Unexpected Gifts is a book about community, both the gifts of it and the struggles that come with living in community. Through the book, Heuertz,, who works for Word Made Flesh, tackles topics such as unexpected communities (a bar), faith and doubt in community, burnout, sabbatical, diverse friendships, chemistry between people, betrayal, grief, and so much more.
Using examples from places he has lived and people with whom he has worked, Huertz gets the reader to wonder "What is my community?" "How do I relate to people in my community?" "Can I do better in my community?" He speaks of his own struggles and mistakes he has made in community.
Some of the most powerful image in the book come from his stories of time in India. He tackles this as early as chapter two, in which
he writes about doubt that comes through some of the questions people he has known have asked, yet he has never had to, such as "How long can my baby live without milk?" "Where will I sleep tonight? Can I find a place where I won't be raped again?" "Does anyone know I am in this brothel chained to this bed?" He writes of a woman named Sophia, who was raped while her husband was forced to watch and then he was killed, and her three month old daughter's arm was cut off with a machete. Heuertz explains that these fellow humans who suffer are still our community, that we are all parts of the one body. But instead of recognizing that, we are divided, and we do not suffer with our fellow members.
Another difficult lesson Heuertz teaches is love despite betrayal of community or relationship. "Our response to betrayal," he writes, "can be a powerful force, setting our life trajectories toward grace or bitterness" (page 109). While we will all be betrayed, he encourages us to look to Jesus: "Christ's fidelity in loving Judas in the midst of betrayal is the sign of faithfulness and the standard to follow" (page 117).
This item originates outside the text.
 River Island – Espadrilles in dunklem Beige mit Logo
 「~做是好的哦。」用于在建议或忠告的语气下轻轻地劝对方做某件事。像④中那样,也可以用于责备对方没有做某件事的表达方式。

Too often, in our culture of going to church every Sunday and speaking the right kind of Christian language and expressing the right beliefs, we are so caught up in what we believe that we forget that we actually have to practice it. In our church communities, do we have deep friendships? Outside of our churches, do we connect with others who are different? How do we really react when we are faced with the lessons we hear in sermons? If these are questions you have wondered, or are now thinking for the first time, I'd encourage you to read this book. If you are looking for ways to improve your community, to have a healthier one (no matter the size), I'd encourage you to read this book. You will not be disappointed.
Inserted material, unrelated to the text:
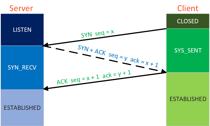 - 防止伪造的 IP 和 Port 向 Server 不断地进行连接。因为上述情况若是两次握手,就直接导致了 Server 为了建立这些连接而浪费大量资源。若是三次握手,就可以向上述的 IP 和 Port 发送确认的包含 ACK 和 Seq 包,并等待正确地回复。这就有效的避免伪造的 IP 和 Port 对 Server 的攻击,其实也就是验证该 SYN 的有效性。

One downside to the book was that Heuertz talks about his current community, but it is not until page 144 where he explains what/who that community is (I will concede it's possible it was mentioned earlier but in my eagerness to read I may have missed it). There were also a couple of other times I thought the writing wasn't clear, and some things that I would have liked to have had more explanation of, but they were minor.